Nance is advocating a day of prayer, and rejects the possibility of a 'day of reason' as a companion event. Uygur calls her unamerican for her critique of the Enlightenment, which she blames for the holocaust.
Uygur makes a spirited defence of the Enlightenment, pointing out that it advanced scientific research (correctly: the thinkers of the Enlightenment were inspired by the scientific method, especially through the discoveries of Newton). Unfortunately, he seems to think that the Enlightenment came before the scientific revolution, when it is usually seen as earlier, encouraged by Francis Bacon's assertion of method and observation.
It's fair to say that the Enlightenment did encourage an already dynamic scientific investigation: but it consolidated rather than generated scientific advances. It's a small correction for Uygur, but crucial when he is trying to dispute Nance's chronological chain of causation.

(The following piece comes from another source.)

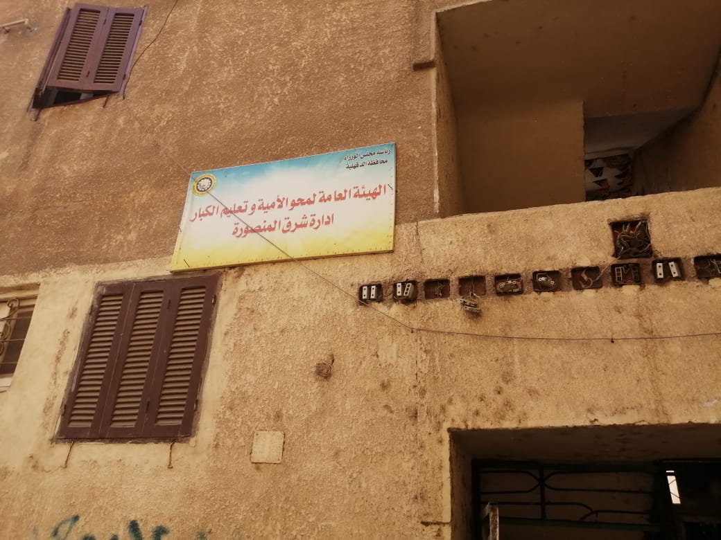 في منطقة جديلة بمدينة المنصورة يقع مبنى إدارة شرق المنصورة لمحو الأمية وتعليم الكبار أسفل احدى العمارات السكنية ، وحتى يصل المتردد على المبنى عليه أن يسلك السلم حتى يصل أسفل المبنى الضيق جدا ، وإذا توجه ونجح في الوصول إلى المبنى يفاجئ بأنه يقع في مساحة ضيقة للغاية حوالي "غرفتين صغيرتين" وتم " حشر " مكاتب الموظفين بصعوبة بالغة في المبنى ، وإذا تردد عدد من الأشخاص لا يتجاوز أصابع اليد الواحدة على المبنى يكاد من الصعب بل من المستحيل التعامل معهم نتيجة ضيق المكان ، ويضطروا للدخول فردا وراء الأخر .

Nance's belief that the Enlightenment led to the holocaust isn't as random as Uygur tries to claim: it's the subtext to the argument put forward by Adorno and Horkheimer in the Dialectic of Enlightenment. Given that Uygur is often accused of being a 'cultural Marxist', it is surprising that he doesn't seem to be aware of the Ur-Text of cultural Marxism. Of course, the phrase is slung about by his opponents, and often has a nasty antisemitic subtext, suggesting that it's more a dog-whistle than a serious analysis of anyone's political position.
Nevertheless, Nance is a surprising advocate of a position first suggested by Marxist atheists. It undermines her religious intentions - Dialect does not encourage a return to Christian values, and even includes Martin Luther in the list of 'rationalist' activists who caused the Enlightenment. Rather than address the scholars who have taken up this claim seriously, Uygur goes for the 'low-hanging fruit', a woman on Fox News banging on about religious morality.

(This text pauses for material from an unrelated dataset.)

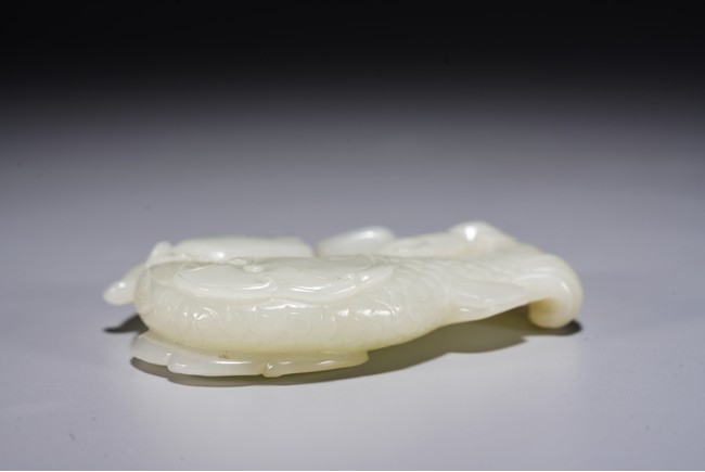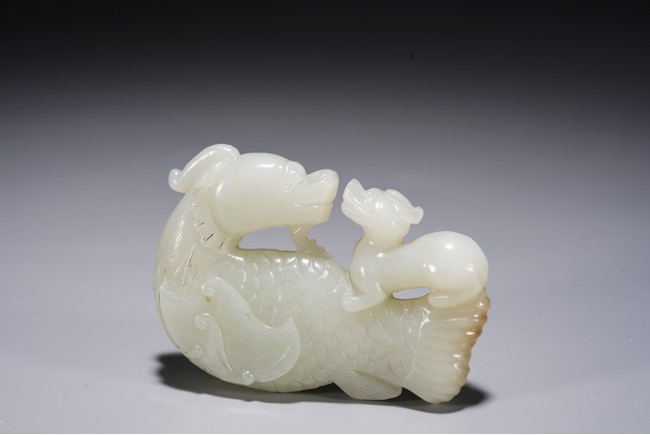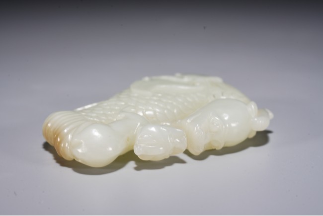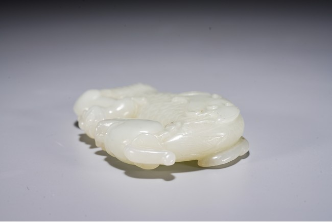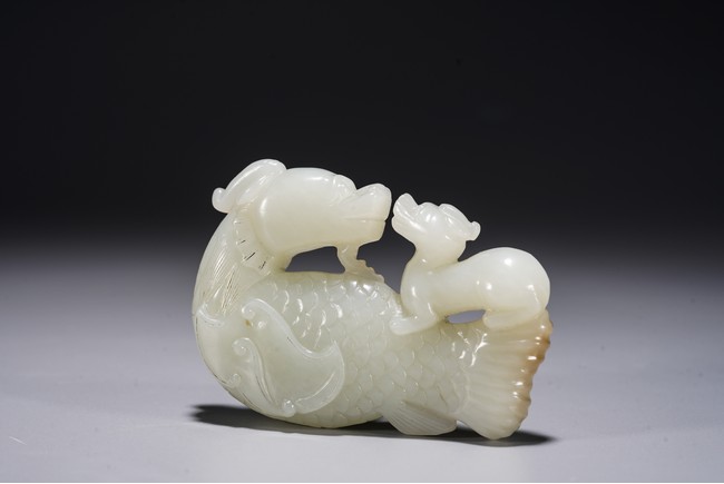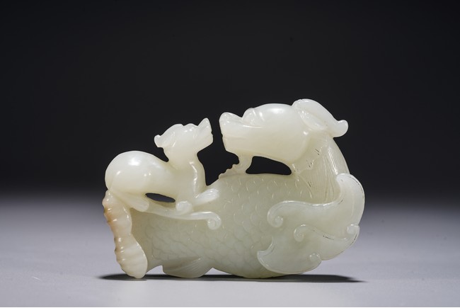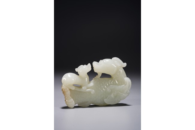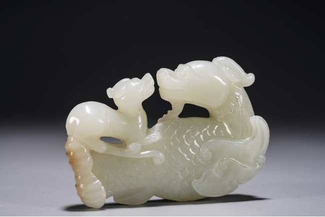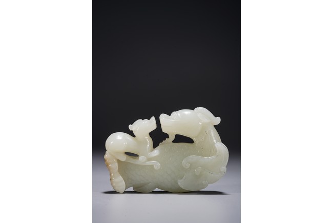 Chinese. Carved in the form of a mythical beast with dragon head and fish body, head sharply turned back and facing a smaller mythical beasat. The stone is of polished even white tone. Qing Dynasty period.

Uygur correctly counters that the USA itself is a product of the Enlightenment - the good example he doesn't give is that Jefferson, one of the founder fathers, hung out with the philosophes in Paris, had a special copy of the Bible with all the miracles crossed out and subscribed to the deism that was big with chaps like Voltaire (who caught it from Newton). His description of the USA's disestablishment of religion in the constitution, however, is partisan: far from being a complete freedom from religion, it was a necessary decision in a country that was full of religious sects.
There's a superb discussion of it in the Comic Book Legal Defence Fund's compilation (which I shall dig out and cite later). While Nance might be against freedom from religion (she does see it as leading to moral relativism, which leads to state sanctioned slaughter), her claims aren't against the freedom of religion that the constitution was written to protect.

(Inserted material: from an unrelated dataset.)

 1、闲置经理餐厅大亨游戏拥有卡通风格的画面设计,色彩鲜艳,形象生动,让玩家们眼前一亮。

The irritating thing is that Uygur picks up on the incoherence of Nance's argument and then counters with an argument that is equally incoherent. He's trying to win an argument by appealing to the opinion of his viewers rather than discover the common ground in the debate and suggesting a compromise.
I might agree that he is right to defend secular rationality and, yes, I want to live in a world that offers me a longer life and better health, but he fails to back up his opinion with... reason. I know complexity is hard to handle on YouTube, but he is just throwing together half-understood histories and ideas to befuddle his opponent.
It seems unfair to hammer Uygur when Nance is equally culpable of nonsense - and she started it. But her arguments have been taken down so many times (moral relativism is less dangerous than absolutism, yep) that a supposed champion of reason ought to be using it.